As each link is an object, we can then add optional metadata to each one, allowing us to refine the entry, so a more complex example for a single site might look like this:
"title": "An example website",
"tags": [ "example", "web", "testing" ],
"description": "This is just an example website, used mostly for testing",
The individual properties and their types are described below.
The entries in this object can then be used in a couple of ways:
- The ‘local’ site can use this to generate a links page, to just have a public set of bookmarks without spidering at all; this is the simplest case.
- Any WebGraph spider that gets linked to the JSON can now add the links to its directory, and also follow them if they’re defined as having additional graph files.
- A WebGraph spider can use the data here to build a more interactive, searchable list of links for a bigger directory.
I’ve implemented a proof-of-concept spider over at the WebGraph page on this site which will attempt to check the graph periodically and update a simple directory list of links. In the future I’d like to expand this to include search functions, but for now it just presents everything in a flat list.
"webgraph": "/webgraph.json" A site-local path; the WebGraph URL. If omitted this site is not wandered to build the link graph.
Its worth noting that this does not have to be a bare .json file, but could just as easily be any other valid URL that returns a JSON object. For smaller sites I envisage that the authors would maintain their own .json file and just serve this, parsing it to generate their own link lists on their local site, but for larger indexes this could easily be pulled from a database, or autogenerated from crawling internal pages for external links, for example.

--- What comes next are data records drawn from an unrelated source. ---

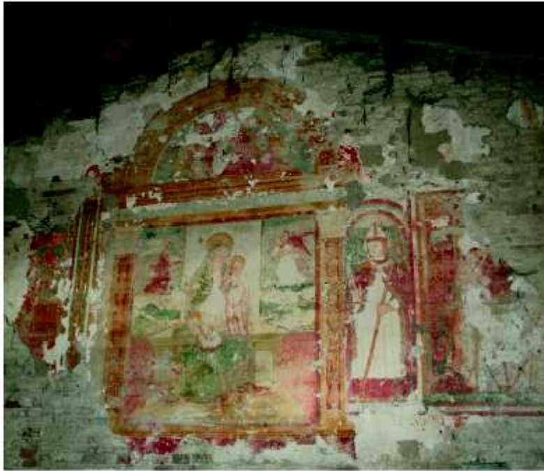
Gli affreschi di Santa Maria.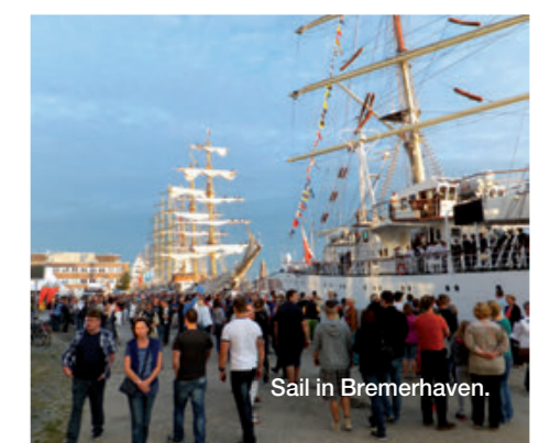
Sail in Bremerhaven.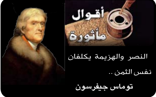
النصر والهزيمة يكلفان نفس الثمن ..

قدوما من مدينة قاس نحو مدينة مراکش، تتراصف سلسلة من الجبال يغابت شجرة الأرز على طول الطريق، وتتمثل القرود بمنطقة أزرو وإفران هذا المنظر الرابع من قبهم العالمية. إنه من الغريب أن لاتخطى هذه المنطقة باهتمام كبير من قبل محبي الجولات إذ أنهم يفضلون عليها منحدرات جبل أوكيمند وجبال الأطلس الكبير حيث يتساقون إلى قمة جبل طوبقال. يعتبر الأطلس المتوسط مركزا لصيادة أفضل سمك التروتة في إفريقيا، منذ أن بدأ فصل الصيد في شهر مارس، يستعد الصيادون المغاربة والأجانب ومعهم تصريح صيدهم لينطلقوا في الصباح الباكر حتى يكون الصيد غزيرا. إذا كنتم في منطقة أزرو وإفران، يمكنكم أن تحصلوا على تصريح الصيد ليلة انطلاقكم، فمن التصريح مايقارب 100 درهم يغي 10 أورو. استرشدوا من فندقكم، أو المركز السياحي المحلي أو ذهبوا إلى العمالة لتحضير سفركم. على التصريح أن يكون دائما معكم لتدلوا به لمرابي الصيد المحليين. أما فصل الشتاء في الأطلس المتوسط فيمكن أن يكون قاسيا مثل شتاء الأطلس الكبير، تتمتع الغابات والحضائر في المرتفعات السفلى بخصوبة كبيرة وذلك بفضل غزارة الأمطار والثلج التي تتساقط في المنطقة منذ شهر نوفمبر إلى شهر أبريل. إذا كنتم في زيارة للمنطقة خلال فترة ما بين شهر ديسمبر ومارس لا تنسوا أن تحضروا أحذية الثلج وكذا

I realise that this could theoretically become extremely large, especially if there are any consolidating sites that rebuild their webgraph data as they spider, however I’m leaving this problem for ‘future John’ for now, as I’d like to see if this experiment works at all first. The graph could fairly easily be paginated however, with the addition of some kind of GET arg like
?p=2 for ‘page 2’ for example, although this would also require that the API exposed had some way of defining an upper limit for how many pages it could serve (unless we just pull until the request fails, but that feels bad to me).
"title": "The Homepage of Cool Mc'Dude" A string. The title string, otherwise the URL should be used in place of a title.
I might scrape this from the link URL later if this property is missing, but this will override that behaviour in any case. Note that right now the spider on this site will use the lexographically-ordered first-found entry for a given site, and drop any other subsequent duplicates. In the future I expect I’ll collect them all then pick the ‘best’ (for various definitions of best) value for these to display, but this behaviour is entirely up to the spider. If you don’t like the behaviour seen here, then do feel free to implement your spider however you like!
"tags": [ "friends", "cool", "dude" ] A flat string array. This is just a simple list of free-form tags, which are later collated by the spider to build tagged link groups.
This can be used in any number of ways to group links together; perhaps by country, language or region (indeed, many of my own so far have ISO country code tags), or perhaps by topic or ‘#hashtag’ maybe? I leave the specific uses of the tags for the network itself to resolve, and that they merely act as a loose way to group links together.
"description": "Some cool person's site!" A free-form string, providing a description for this URL. My spider on this site will attempt to display this if it is present, although it will filter the content if it is excessively long (actual max length to be defined) or contains bad characters (already filtered for all common ones).
"feed": "/feed.xml" A site-local path. This can be an rss feed, or sitemap.xml or equivalent schema, wandered to populate sub-page lists if present, or skipped if omitted.
I’m a little on the fence about this one, and it may well change to individual typed definitions, with a distinct
rss options for those types. Perhaps I should include this as sub-property of the larger object for a site, maybe under a
meta key, to prevent namespace pollution.